When I visit exhibitions where I notice a minimalist aesthetic, I immediately recall Tony Smith’s peculiar story with his daughter when she was a child. She, upon seeing some of her father’s works – essentially cubes, concrete geometric shapes – asked him what he hid inside the cube; or the box, should we wish to adorn this childishly puerile idea. In O que fazer? by Martim Brion, curated by João Silvério, I felt this happy curiosity, in an obviously more mature phase: what does the artist hide inside his boxes.

Despite the sculptural, rhythmic and colourful content of this exhibition, Martim Brion makes us move from sculpture to photography and text. It’s a gesture I don’t consider telling of the content, but one that follows the more unsuspecting visitors, so that they don’t get lost in the geometry and colour of the compositions. There is something else, projected by the remaining two-dimensional works.
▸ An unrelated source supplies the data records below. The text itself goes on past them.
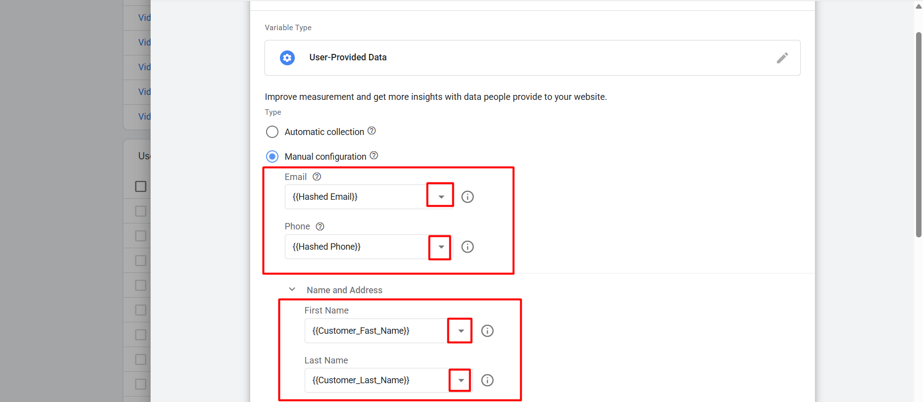After that, in the place of “User provided Data,” you can see we just select the last created variable, which is the one collecting all of the customer data in one place.
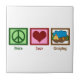 I love to camp. A peace sign, heart, and a cute campground complete with campfire for campers.
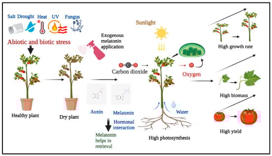 7]. Recent studies have narrated that the exogenous treatment of melatonin can improve stress tolerance, delay senescence, and promote growth in horticultural crops [
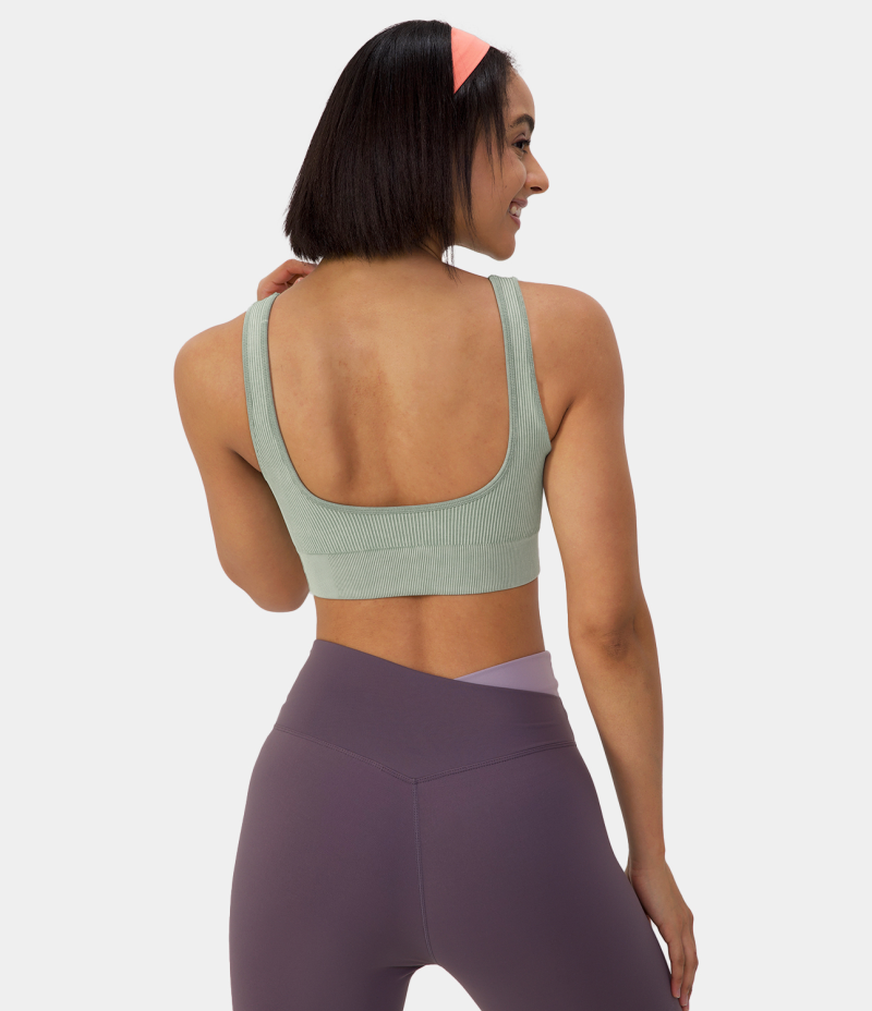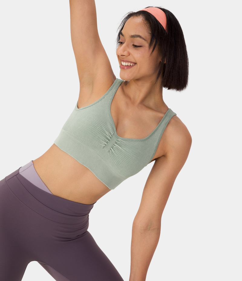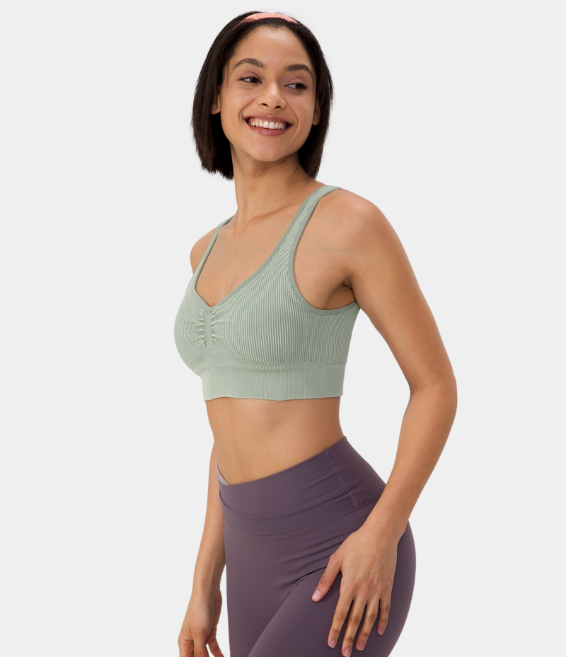 Halara Seamless Flow Medium Support Ruched Yoga Sports Bra Women's Tops Pistachio | JNHVTIO-13
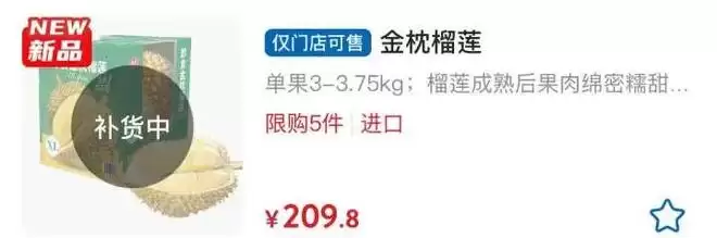 山姆会员商店的情况也类似,其金枕榴莲(仅限门店销售)的标签上,也清晰地印着“补货中”三个字。
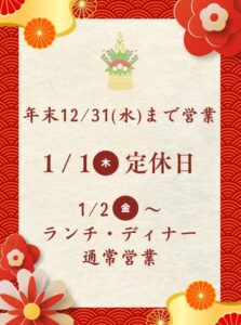 なお、新年は1月2日より通常営業
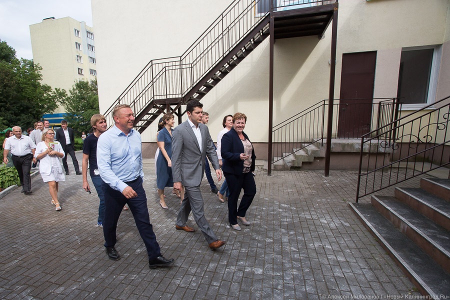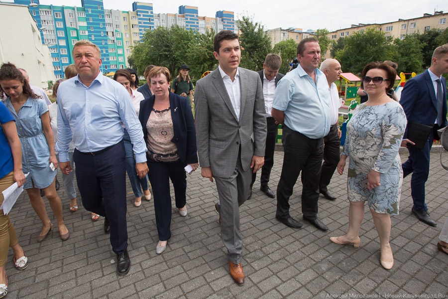 Таким же галопом вся процессия проносится через детский сад на 350 мест на улице Павлика Морозова, недавно приобретённый городом у РЖД. Там также вовсю идёт ремонт, закончиться он должен к сентябрю, однако состояние помещений заставляет в этом немного сомневаться. «Это Балтрайон — экологически чистая зона», — шутят чиновники. «Переезжайте», — немедленно предлагает Алиханов. Все весело хохочут.

If the photographic set confronts us with some forms that escape the Euclidean space mentioned by João Silvério in the exhibition text (others perhaps want to contradict it, as they are three-dimensional simulations – something only assured by the spectator’s presence), there is a kind of guide in the textual set to imagine something similar to what we see in the space, but which will inevitably drift away inside each one of us, except for the happy cosmic coincidences that may occur. Given this last set, perhaps the title of the exhibition is the ultimate question to be asked within the venue, and one that leads us into another dimension of thought (again, the possible departure from Euclidean space): What to do? The artist presents a potential answer, inscribed in the exhibition text: “(…) A little bit of everything and not at all, both at the same time.” We can think about this radical question of the human condition in the context of this exhibition, until February 12, at Museu Ibérico de Arqueologia e Arte de Abrantes.
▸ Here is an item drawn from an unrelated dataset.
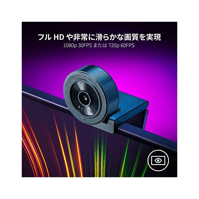 商品名:Razer Kiyo X ストリーミング ウェブカメラ Webカメラ USB 2.0 フルHD 1080p 30FPS / 720p 60fps オートフォーカス装備 カスタマイズ設定 207万画素 画角 82° 柔軟な取付けオプション Windows 10 / OBS/Xsplit 対応 【日本正規代理店品】 RZ19-04170100-R3M1
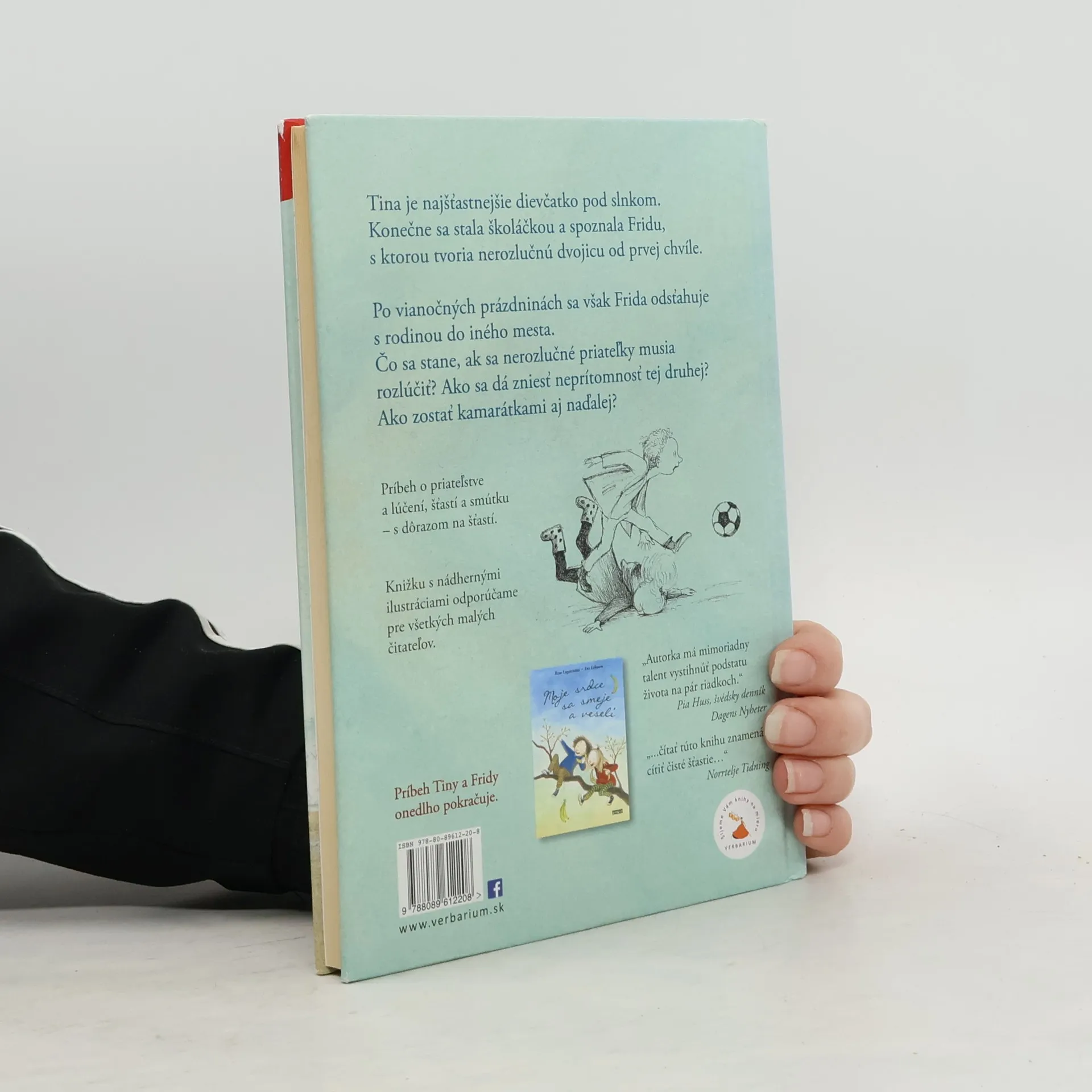 Tina je najšťastnejšie dievčatko pod slnkom. Konečne sa stala školáčkou a spoznala Fridu, s ktorou tvoria nerozlučnú dvojicu od prvej chvíle. Po vianočných prázdninách sa však Frida odsťahuje s rodinou do iného mesta. Čo sa stane, ak sa nerozlučné priateľky musia rozlúčiť? Ako sa dá zniesť neprítomnosť tej druhej? Ako zostať kamarátkami aj naďalej? Príbeh o priateľstve a lúčení, šťastí a smútku – s dôrazom na šťastí. Knižku s nádhernými ilustráciami odporúčame pre všetkých malých čitateľov.

Also in this venue, and until February 26, we can visit two exhibitions: Rio by Master José Pimenta, curated by Sara & André. José Pimenta, born in Souto (Abrantes) in 1931, began his artistic career at 62, sculpting three Saints Anthony and a ‘Pious Mother’. This was the beginning of his sculpture, dedicating himself later to drawing and painting. Given the multiplicity of influences and references in his work, and also because of the aesthetics, something in Mestre José Pimenta makes me think of Outsider Art.
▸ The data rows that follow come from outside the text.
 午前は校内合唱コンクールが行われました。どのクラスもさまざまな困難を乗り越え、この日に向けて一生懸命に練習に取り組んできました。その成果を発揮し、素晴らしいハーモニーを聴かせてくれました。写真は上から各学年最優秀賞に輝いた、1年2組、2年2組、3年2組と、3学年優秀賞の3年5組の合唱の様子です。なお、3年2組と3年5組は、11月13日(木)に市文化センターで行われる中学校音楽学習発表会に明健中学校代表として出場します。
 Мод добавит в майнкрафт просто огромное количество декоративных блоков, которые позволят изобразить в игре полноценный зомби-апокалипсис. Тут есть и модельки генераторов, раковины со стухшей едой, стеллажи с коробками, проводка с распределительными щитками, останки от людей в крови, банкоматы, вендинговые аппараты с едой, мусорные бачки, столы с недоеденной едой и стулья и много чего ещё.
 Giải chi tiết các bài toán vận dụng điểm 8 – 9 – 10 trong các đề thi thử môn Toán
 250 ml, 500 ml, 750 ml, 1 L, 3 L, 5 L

There is also the exhibition As minhas arqueologias by the artist Heitor Figueiredo, curated by Hugo Dinis: composed by pieces in clay and fired, he adds to this archaeological oriented space something else, created by him in his last 25 years of work, where he shows the traces of an extemporaneous and anachronistic reality. The curatorial concept is useful: it is a hermetic gesture, whose complexity and indecipherability is based on the dreamlike world from which, contrary to the material that forms them, all these pieces emerge. It is a cosmos of its own, an archaeology perhaps unsettled by the real. To reach this idea, I borrow piece number 37, entitled ‘Fui para a lua’ – to run away and create a world as a response to the latent inaction in not knowing what to do.